→ EXERCISE GOAL:
Pictures aside, the output must consist of the lines from the one containing "hit position: 0.68 mm left, 8.02 mm low" through the end of the data, reproduced exactly.

== DATA TO USE

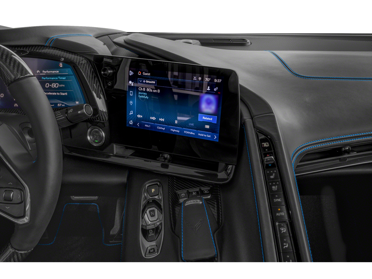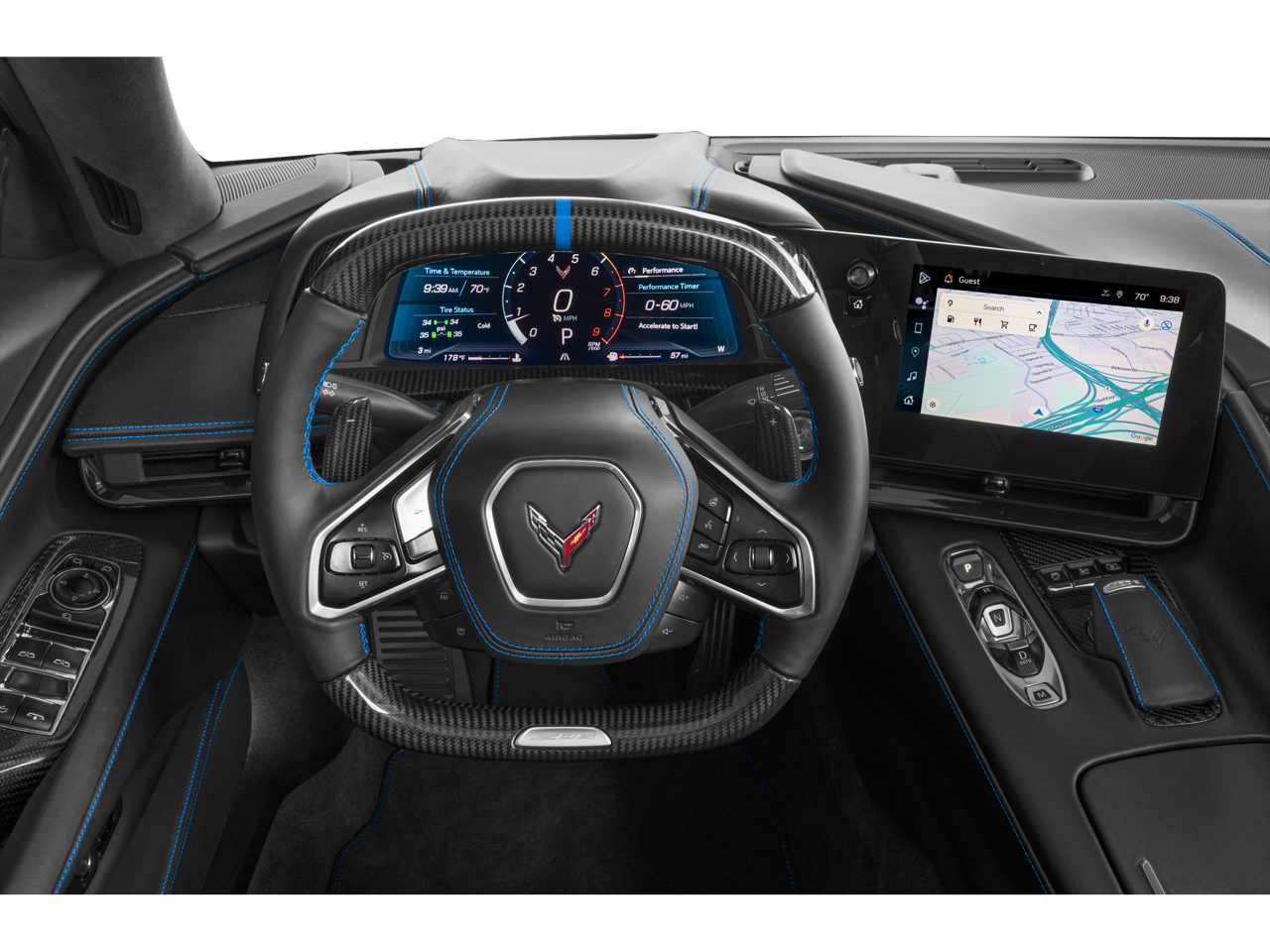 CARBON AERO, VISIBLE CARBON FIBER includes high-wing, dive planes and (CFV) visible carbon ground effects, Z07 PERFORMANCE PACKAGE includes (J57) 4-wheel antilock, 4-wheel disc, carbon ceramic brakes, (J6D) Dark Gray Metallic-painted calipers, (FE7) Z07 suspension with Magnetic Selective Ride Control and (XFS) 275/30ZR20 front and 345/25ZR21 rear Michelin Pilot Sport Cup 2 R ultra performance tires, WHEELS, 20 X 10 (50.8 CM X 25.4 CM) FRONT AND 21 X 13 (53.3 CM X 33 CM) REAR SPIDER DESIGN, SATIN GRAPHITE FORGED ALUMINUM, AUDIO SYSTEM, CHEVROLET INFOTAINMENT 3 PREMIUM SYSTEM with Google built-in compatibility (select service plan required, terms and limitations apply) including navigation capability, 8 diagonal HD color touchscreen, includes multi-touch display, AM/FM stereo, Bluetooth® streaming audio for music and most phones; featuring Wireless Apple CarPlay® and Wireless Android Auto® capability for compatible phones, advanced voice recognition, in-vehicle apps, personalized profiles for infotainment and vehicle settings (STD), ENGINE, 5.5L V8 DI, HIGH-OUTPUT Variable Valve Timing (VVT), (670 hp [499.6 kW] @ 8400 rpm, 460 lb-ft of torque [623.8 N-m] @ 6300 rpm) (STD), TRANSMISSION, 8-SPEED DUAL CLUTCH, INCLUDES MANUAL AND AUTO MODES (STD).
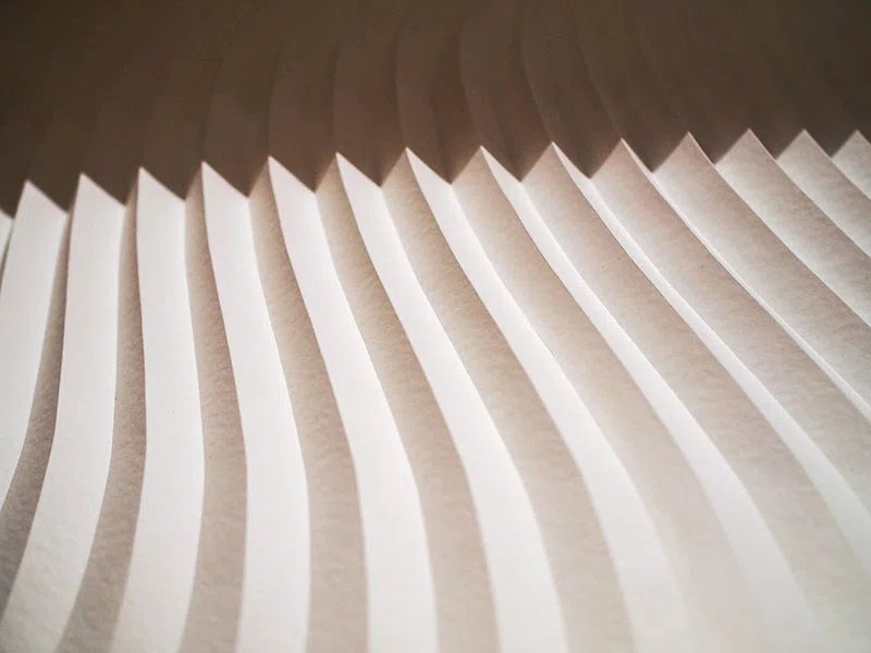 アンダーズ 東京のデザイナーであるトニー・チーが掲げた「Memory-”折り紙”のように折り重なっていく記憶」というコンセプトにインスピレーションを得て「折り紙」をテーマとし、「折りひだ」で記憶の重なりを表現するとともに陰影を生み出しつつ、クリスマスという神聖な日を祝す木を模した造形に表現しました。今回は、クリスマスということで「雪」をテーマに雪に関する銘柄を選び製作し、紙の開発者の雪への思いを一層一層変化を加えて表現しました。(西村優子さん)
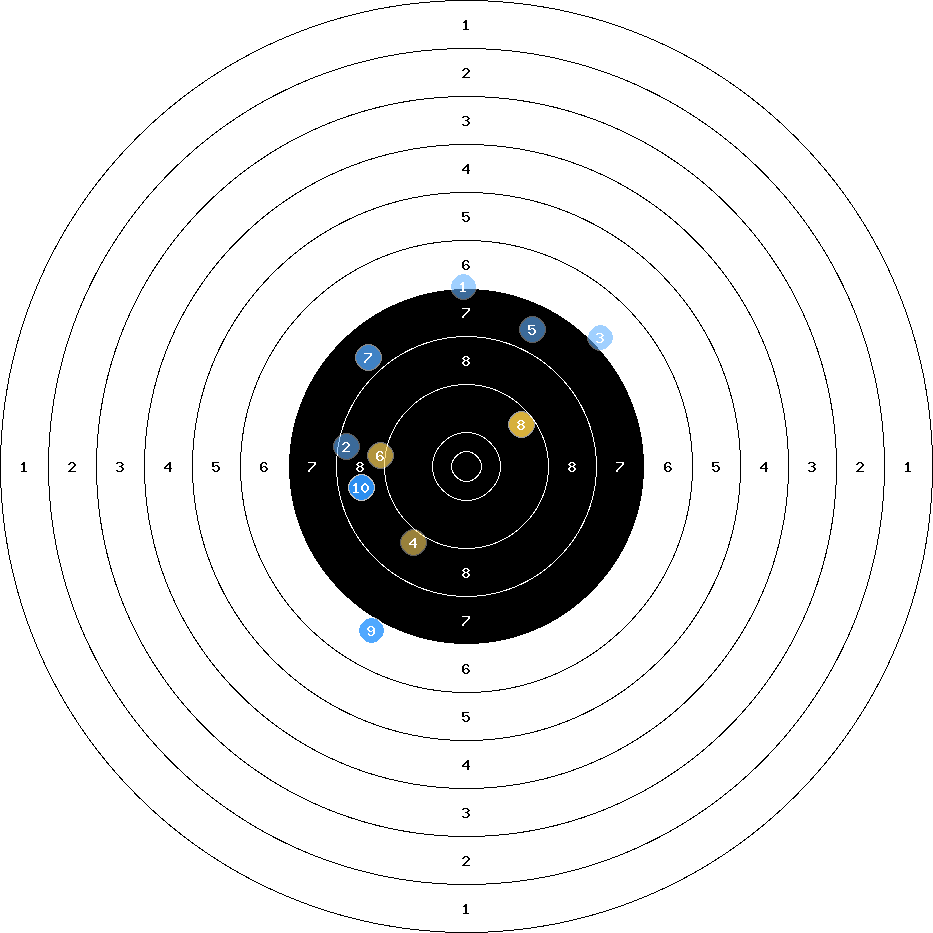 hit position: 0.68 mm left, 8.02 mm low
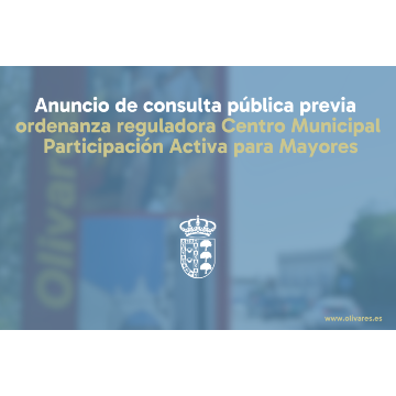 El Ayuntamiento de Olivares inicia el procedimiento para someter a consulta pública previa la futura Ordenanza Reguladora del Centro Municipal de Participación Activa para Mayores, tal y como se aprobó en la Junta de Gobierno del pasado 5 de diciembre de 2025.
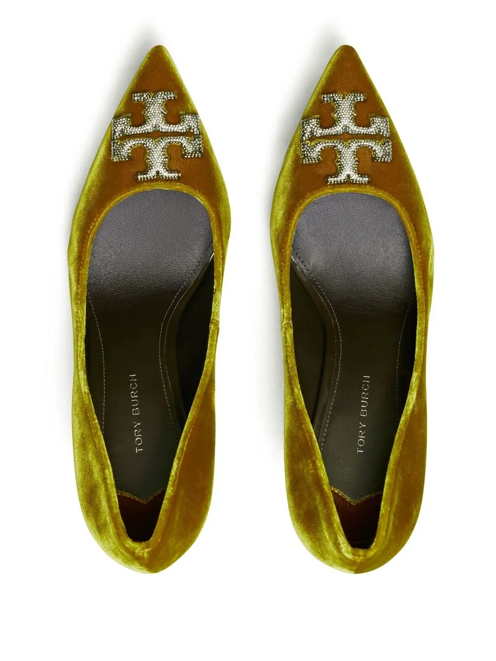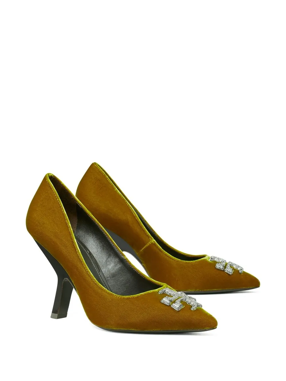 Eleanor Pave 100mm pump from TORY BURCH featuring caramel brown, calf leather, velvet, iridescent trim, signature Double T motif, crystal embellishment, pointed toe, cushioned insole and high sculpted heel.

====

→ WRITTEN SOLUTION:
 hit position: 0.68 mm left, 8.02 mm low
 El Ayuntamiento de Olivares inicia el procedimiento para someter a consulta pública previa la futura Ordenanza Reguladora del Centro Municipal de Participación Activa para Mayores, tal y como se aprobó en la Junta de Gobierno del pasado 5 de diciembre de 2025.
 Eleanor Pave 100mm pump from TORY BURCH featuring caramel brown, calf leather, velvet, iridescent trim, signature Double T motif, crystal embellishment, pointed toe, cushioned insole and high sculpted heel.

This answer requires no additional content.